From our experiments, we demonstrate the novelty of using the same algorithm based on BERT embeddings that can be used to categorise stories in diverse media. In our experiments, we performed training by manually annotating 33% of the story types, then perform classification on the same medium type. In all variations of story/tweet categorization, when trained on the same medium of data (i.e. classifying stories with embeddings trained on stories and tweets with embeddings trained on tweets), our framework correctly classified an average of 59% and 43% stories and tweets respectively, which is 4.5 and 2.7 times more accurate than random baseline. Classifying tweets based on story embeddings performed the worst overall because there are story types annotated in tweets that do not appear in stories. These results demonstrate that story type classification is a difficult task and this accuracy is an acceptable improvement over the random baseline.

Table 6 Performance of story type classification
Table 7 Sampling of story type categories and examples

4.5 Limitations and future work

Several challenges were encountered in the analysis we conducted. The dataset necessitated painstaking pre-processing procedures for textual analysis as each fact-checking site had its own rating scale for story validity. Within the same site, because the posts are written by a variety of authors, authors have their own creative ways of expressing story validity. For example, Poynter authors may denote a false claim as “Pants on fire” or “Two Pinocchios”. As with the nature of fact-checking sites which seeks to debunk false claims, the collected data has an overwhelming percentage of False facts, which results in high recall rates for the classifiers constructed in Sect. 4.2. Future work may involve making use of the explanation as true facts to balance the dataset.

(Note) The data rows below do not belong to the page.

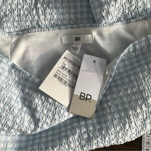 Brand new with tags BP (Nordstrom) blue and white gingham mini skirt. Super cute summer staple with a flattering high-rise waistband and flowy tiered hem. Lightweight cotton feel with that classic picnic-core / coastal vibe. Perfect with a baby tee, tank, or cardigan.
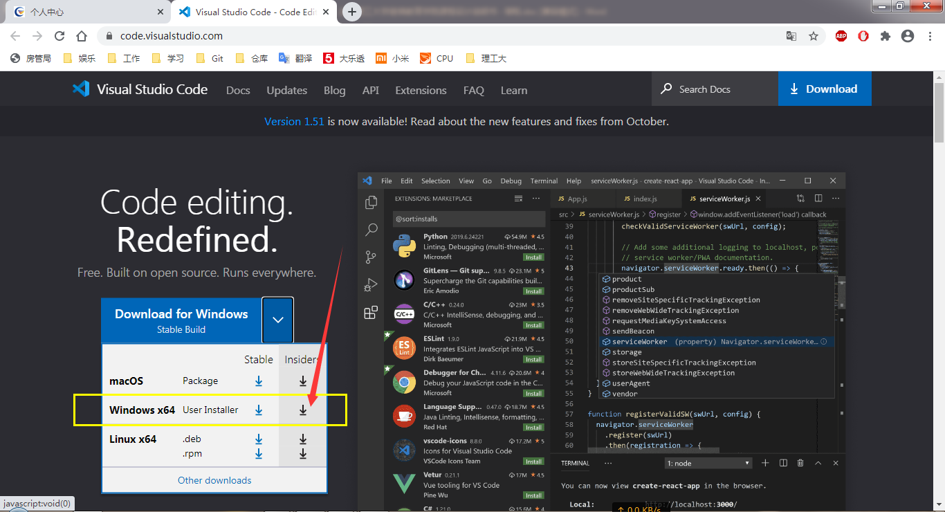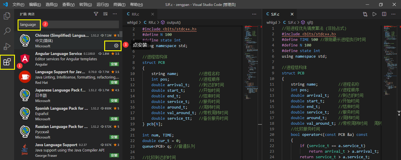 3.1.1 下载安装开发Visual Studio Code,下载地址https://code.visualstudio.com/,安装中文扩展、C/C++扩展
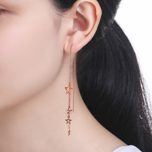 精巧别致的星星,丰富视觉看点,凸显潮流俏皮感。亮丽的玫瑰金配色,在耳畔更加吸引眼球。
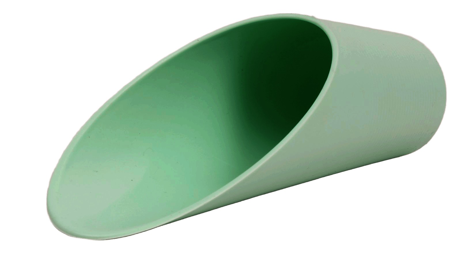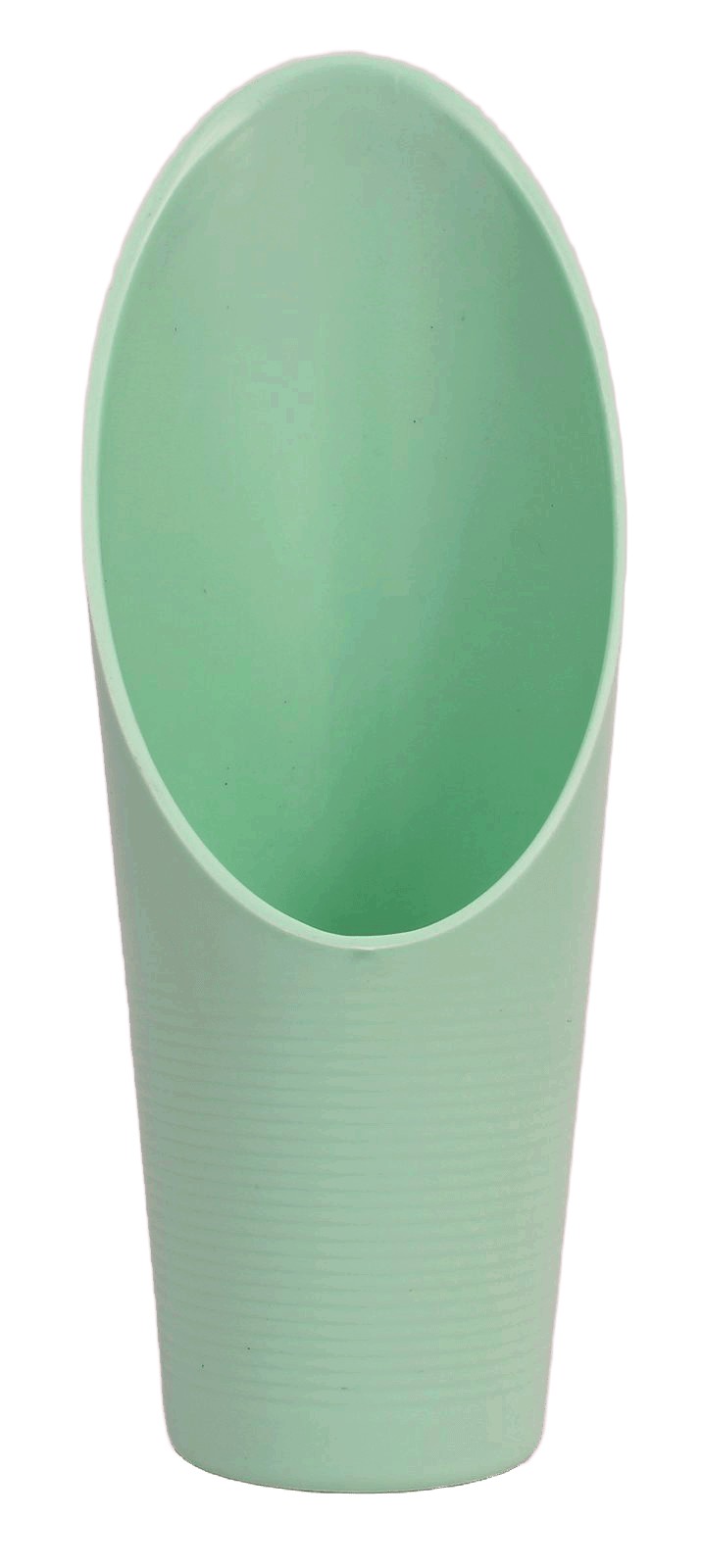 Die Erdschaufel aus hellgrünem Kunststoff ist ein praktisches Hilfswerkzeug zum Einfüllen und Verteilen von Substraten beim Umtopfen von Bonsai.
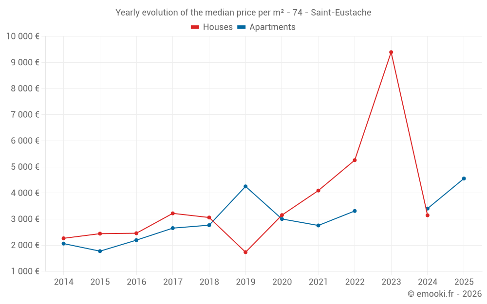 Evolution of the median price per m² of houses
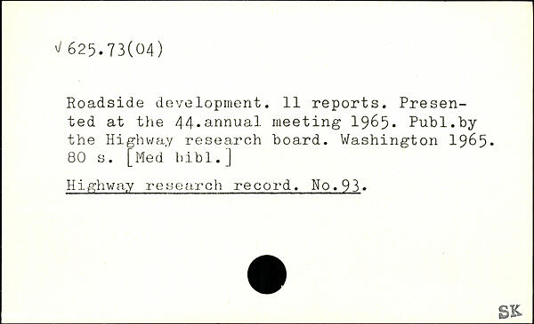 Roadside development. 11 reports. Presented at the 44,annual meeting 1965.

Human annotators classify story types based on their inherent knowledge of the situation. In this work, we have enhanced the story information through searching Wikipedia for extracted persons’ names and predefined lists of words for each story type for our BOW classifier. With contextualised vector representations with BERT outperforming BOW classifiers, promising directions involve further enhancing the story information through verified information.

5 Conclusion

In this paper, we examined coronavirus-related fact-checked stories from three well-known fact-checking websites, and automatically characterised the stories into six clusters. We obtain an average accuracy of 87% in supervised classification of story validity. By comparing BERT embeddings of the stories across sites, PoltiFact and Poynter has the highest amount of similarity in stories. We further characterised story clusters into more granular story types determined by human annotators, and extended the classification technique to match tweets with misinformation, demonstrating an approach where the same algorithm can be used for classifying different media. Story type classification results perform best when trained on the same medium, of which at least one-third of the data were manually annotated. Contextualised BERT vector representations outperforms a classifier that augments stories with additional information. Our framework correctly classified an average of 59% and 43% stories and tweets respectively, which is 4.5 and 2.7 times more accurate than random baseline.